Note that we could actually bypassed this computation by noting that if the population grew by 15.84% in the 10 years from 2000 to 2010 (as noted in part 1) and the growth rate didn’t change, we’d expect the population to grow another 15.84% in the next 10 years from 2010 to 2020. This is exactly what we found in the computation above: We calculated the population in 2020 as 1.158336 times the population in 2010, which corresponds to a percentage increase over 10 years of 15.834% (rounding off to five significant digits).

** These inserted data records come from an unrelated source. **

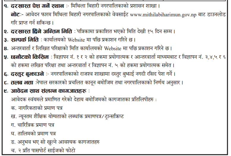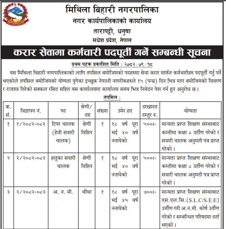 ANM, Psychosocial Counselor, Baidya, Public Health Officer, Light Vehicle Driver, Tipper Driver
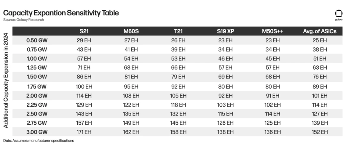 接下来,我们为 2024 年可能启用的额外基础设施容量创建敏感度表,假设这些新容量将通过各种新一代 ASIC 模型来启用。如果我们假设 2023 年通电的矿机的平均效率为 30 J/TH,那么这意味着当年新增产能为 8 GW。然而, 2023 年交付的增长和扩张能力很大程度上归因于 2021 年的投资周期。
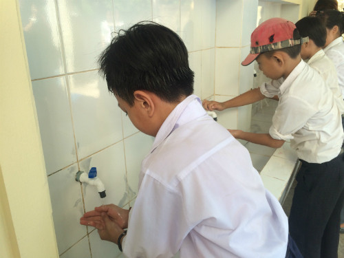 - Trong trường học: Bố trí đủ bồn rửa tay có vòi nước và xà phòng ở những vị trí thuận lợi cho học sinh rửa tay. Hướng dẫn học sinh rửa tay đúng cách, thường xuyên với nước và xà phòng trước khi ăn, sau khi đi vệ sinh. Sử dụng nhà tiêu hợp vệ sinh. Phân, chất thải của trẻ phải được thu gom, xử lý và đổ vào nhà tiêu.
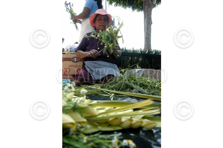 MÉXICO D.F. 01ABRIL2007.-Una señora elavora ramos de palma para los asitentes a misa de domingo de ramos, con lo cual da inicio la semana mayor en la catedral metropolitana. FOTO: GUILLERMO PEREA/CUARTOSCURO.COM
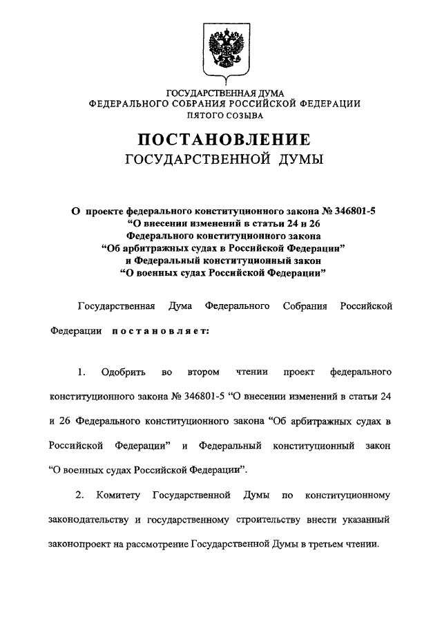 "О ПРОЕКТЕ ФЕДЕРАЛЬНОГО КОНСТИТУЦИОННОГО ЗАКОНА N 346801-5 "О

However what if we had an interval that wasn’t a multiple of 10? For example, what if we want to estimate the Howard County population in 2035? Assuming we use the 2010 population as our starting point we need to calculate the 25th power of the growth factor 1.014807: Enter 1.014807, press the “y to the xth power” key, enter 25, then press the “=” key; the result is 1.444064. Multiplying this by the 2010 population of 287,085 gives us 414,569 for the estimated population in 2035.
So far so good. In my next post I’ll go back and explore further how I got my initial estimate in part 1 so wrong, as a prelude to discussing growth rates in a financial context and how to obtain better estimates of growth rates.
 Microsoft Excel has a builtin function SQRT to take square roots, but uses more cryptic formulas for taking higher roots. In our example we had to take the 10th root of 1.158339; in Excel this would be expressed with either of the formulas “=POWER(1.158339,1/10)” or “=1.158339^(1/10)”. In general if we have values in two spreadsheet cells A1 and A2 then either of the formulas “=POWER(A1,1/A2)” or “=A1^(1/A2)” would take the A2th root of A1.
These formulas will also work in Google Spreadsheets. To avoid a lengthy digression I’ll skip for now any explanation of why these formulas are written the way they are.
2, In Microsoft Excel or Google Spreadsheets the equivalent operation of computing 5 to the power of 4 can be done using either of the formulas “=POWER(5, 4)” or “=5^4”. In general if we have values in two spreadsheet cells A1 and A2 then either of the formulas “=POWER(A1,A2)” or “=A1^A2” would produce A1 raised to the A2th power.